As I shared recently in my post disspelling the myth of 3 query types, Mahalo recently pivoted to sell its content in the form of iPhone/iPad apps. They’ve gone from SEO spammers to App Store quality producers.
Why does this matter?
It matters because it shows a TECTONIC shift in the search engine landscape. It’s not Google vs Bing. There’s a third player that Comscore et al are not measuring in their “search share” reports: Apple.
Who does this affect?
First, it affects book publishers and information marketers of all stripes. As Barry showed with Rustybrick’s market-leading iPhone Siddur (Jewish prayer book), content consumption is shifting not just from print books to ebooks, but to digital formats more generally, including apps.
This is also emblematic of a situation that Google CEO Eric Schmidt acknowledged (albeit with some tongue-in-cheek) when he referred to Amazon and eBay as competitors, because they aren’t just destinations, but also starting points for ecommerce search.
And it’s not just publishing – this phenomenon of niche search engine-driven markets is exploding across the web:
Etsy is a marketplace for handcrafted items like jewelry.
Fiverr is the world’s first marketplace for gigs in increments of $5. (I recently bought my Facebook landing page from them, but heard that the SEO services may as well be negative SEO services, from someone who bought a gig…)
AirBNB is a marketplace for spare rooms to rent worldwide.
Cafepress is a marketplace for private-branded “merch” aka all the souvenir junk you could want and then some (t-shirts, mugs etc).

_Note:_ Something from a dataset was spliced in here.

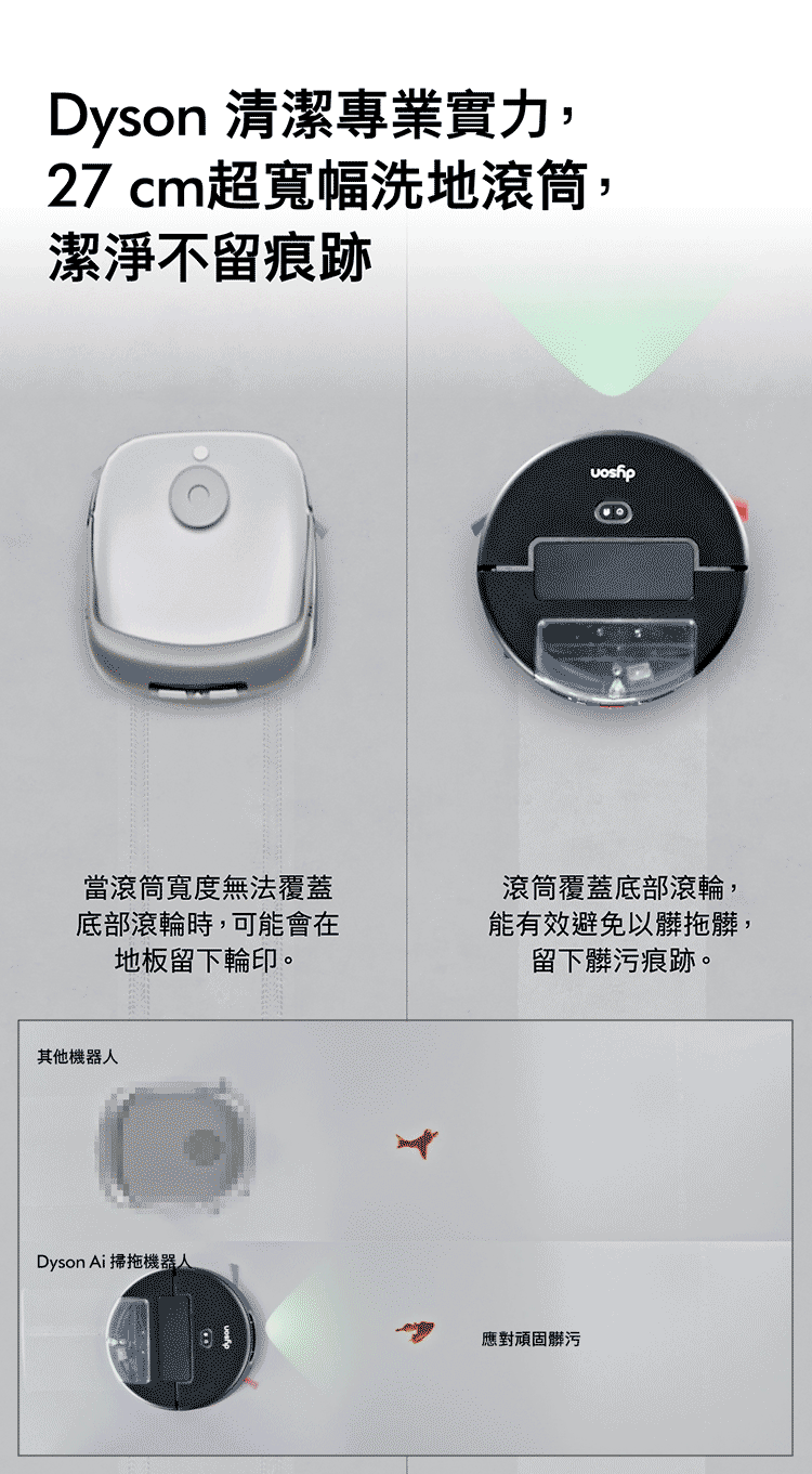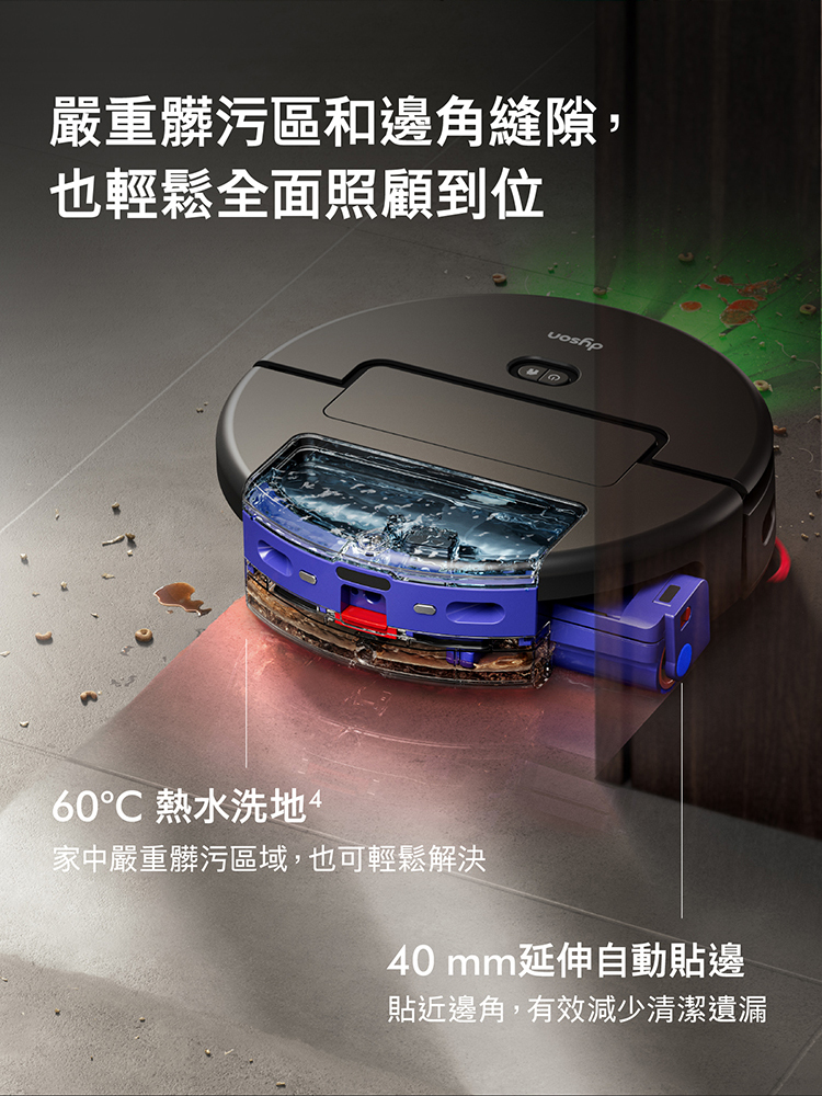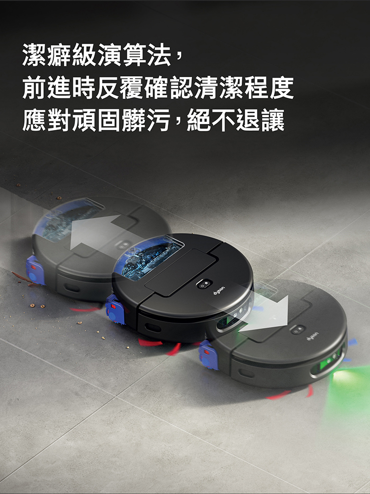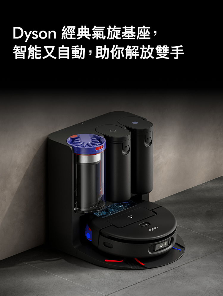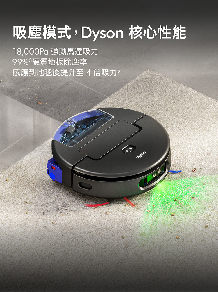★Ai偵測清潔,直到徹底潔淨,不乾淨不收工每秒偵測環境7次,潔癖級演算法,前進時反覆確認清潔程度,夠乾淨才前進。★Ai智慧感測系統,精準辨識近200種物品Dyson Ai處理器結合LiDAR雙重雷射光、經典智慧光學偵測,每秒萬億次運算能力,瞬間制定清潔行程,並持續學習進化,辨識精準度提升40%。★27cm 超寬幅洗地滾筒,潔淨不留痕跡滾筒覆蓋底部滾輪,能有效避免以髒拖髒,留下髒污痕跡。★12點釋放60°C熱活水洗地滾筒旋轉時自清潔,確保乾淨清水洗地,家中嚴重髒污區域,也可輕鬆解決。★滾筒40 mm延伸自動貼邊邊角縫隙也能輕鬆全面照顧到位,有效減少清潔遺漏。★吸塵模式,Dyson核心性能18,000pa強勁馬達吸力,99%硬質地板除塵率,感應到地毯後提升至4倍吸力。★避免毛髮纏繞與精準清潔複合吸塵刷條能避免毛髮纏繞,旋轉邊刷精準刮除牆角及狹窄縫隙微塵。滾筒感應到地毯後,自動抬升10 mm,避免弄濕地毯。★Dyson經典氣旋基座,智能又自動集塵筒獨特氣旋設計,確保強勁吸力不衰減,環保零塵袋耗材。超大容量集塵筒100天免傾倒灰塵,基座濾網可捕捉小至0.1微米的灰塵及超細微粒。 ★基座自清潔,助你解放雙手60°C熱清水清洗滾筒,能深度清潔滾筒。45°C熱風烘乾有效避免形成易滋生細菌的潮濕環境。基座會自動添加適量清潔劑,抑菌效果高達99.9%。 ★於MyDyson APP中快速建圖智能分區,清潔需求即時處理智慧辨別房間類型,並透過分區地圖,檢查全家清潔狀態。設置虛擬界線防止機器人進入禁行區域。可自訂指定時段清潔特定區域。★嚴格保護數據,隱私安全有保障先進的Ai系統全程於安全環境內運算,無需透過雲端,更不會將圖像儲存在機器中,確保數據安全。

Soundclick is mostly a marketplace for instrumentals, in genres like hiphop, salsa, cinema scores etc.
You can find loads of other marketplaces like Sears’ marketplace, to niche sites specialized in antiques, collectibles and guns.
Panda or Penguin got you down? Forget it – Google and Bing are only two of many.
What’s the next step?
1. Realize that ecommerce SEO is a non-profit activity and the implications of that.
3. Personalize SEO landing pages with BT Buckets, as shared in my interview with Phillip Klien.
4. Test out Amazon’s inhouse ads.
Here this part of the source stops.